The Conventional Wisdom states that immigration is a portentous train wreck for the GOP. Tommy Tancredo will split off the populists, Bill O'Reilly will stir up the pot, and the WSJ Ed Page crowd will splinter and the Grand Ol' Party is to be rend in twain. Until last night, I believed it. We cover the whole spectrum here at ThreeSources and it seems unlikely to pull us all together.

Sure, there is hand-wringing today after the president’s speech yesterday. Pat Buchanan was unhappy last night (there goes the Palm-Beach-County Vote!), Michelle Malkin is displeased this morning, Glenn Reynolds has a list of P-oh'd bloggers.

The limb
The immigration debate will close successfully because the two sides' desires are not mutually exclusive. You can't raise and lower taxes, can't pull the troops home and send more -- but you can strengthen border security and institute a guest worker program. In fact the two are complimentary and I cannot see either working without the other.

The President sends the House troops in to craft a Tancredo-esque enforcement bill. The Senate opens debate on McCain-Kennedy (Love the bill, hate the name), and (I am borrowing from Fred Barnes here) the final compromise is crafted in committee.

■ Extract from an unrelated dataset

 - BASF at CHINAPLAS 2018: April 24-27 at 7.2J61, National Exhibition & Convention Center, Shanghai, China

The President, to my dismay, has shown that he will sign anything, so an immigration bill with security and legality will be passed. The Wall Street Journal folk and I will wish it went further to provide labor, and the isolationists will wish there were more emphasis on mines for the Rio Grande. But both sides will shrug their shoulders, be glad they got a Republican bill, and move on to the next election.

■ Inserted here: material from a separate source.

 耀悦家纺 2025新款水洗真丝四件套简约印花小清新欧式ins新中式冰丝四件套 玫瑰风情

Immigration Posted by John Kranz at November 29, 2005 2:38 PM

Is it just me, or is all a reasonable compromise plan gets you these days is denigration from both sides?

Posted by: Silence Dogood at November 29, 2005 4:26 PM

Again, I think the compromise is possible here because the two desires are complimentary.

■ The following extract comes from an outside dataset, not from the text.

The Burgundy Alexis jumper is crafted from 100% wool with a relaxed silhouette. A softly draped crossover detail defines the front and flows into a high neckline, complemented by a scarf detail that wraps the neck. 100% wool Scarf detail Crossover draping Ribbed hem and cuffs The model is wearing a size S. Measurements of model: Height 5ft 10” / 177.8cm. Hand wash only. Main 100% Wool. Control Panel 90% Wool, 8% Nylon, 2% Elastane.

You'll not hear me talk so keenly about reasonable compromises on tax cuts or free trade. I think in this instance, legislators can craft a compromise, the Administration can declare victory, and government can move on to next thing it decides to ruin...

Posted by: jk at November 29, 2005 4:59 PM

But anything that approaches a policy success for the president (read that: anything that is popularly supported) will be - MUST be - torpedoed by congressional democrats. This "criminal" administration must not be allowed any semblance of accomplishment.

Posted by: johngalt at November 30, 2005 12:23 AM

True. But this will be tough. The GOP does control the House (if we get the Hammer's focus back), the Senate (kinda sorta) and the Executive.

It will be very hard for all Democrats to oppose a popular legislative compromise. Most will of course reflexively oppose, but in an election year, you'll be able to peel off some for border enforcement.

Posted by: jk at November 30, 2005 9:48 AM | What do you think? [4]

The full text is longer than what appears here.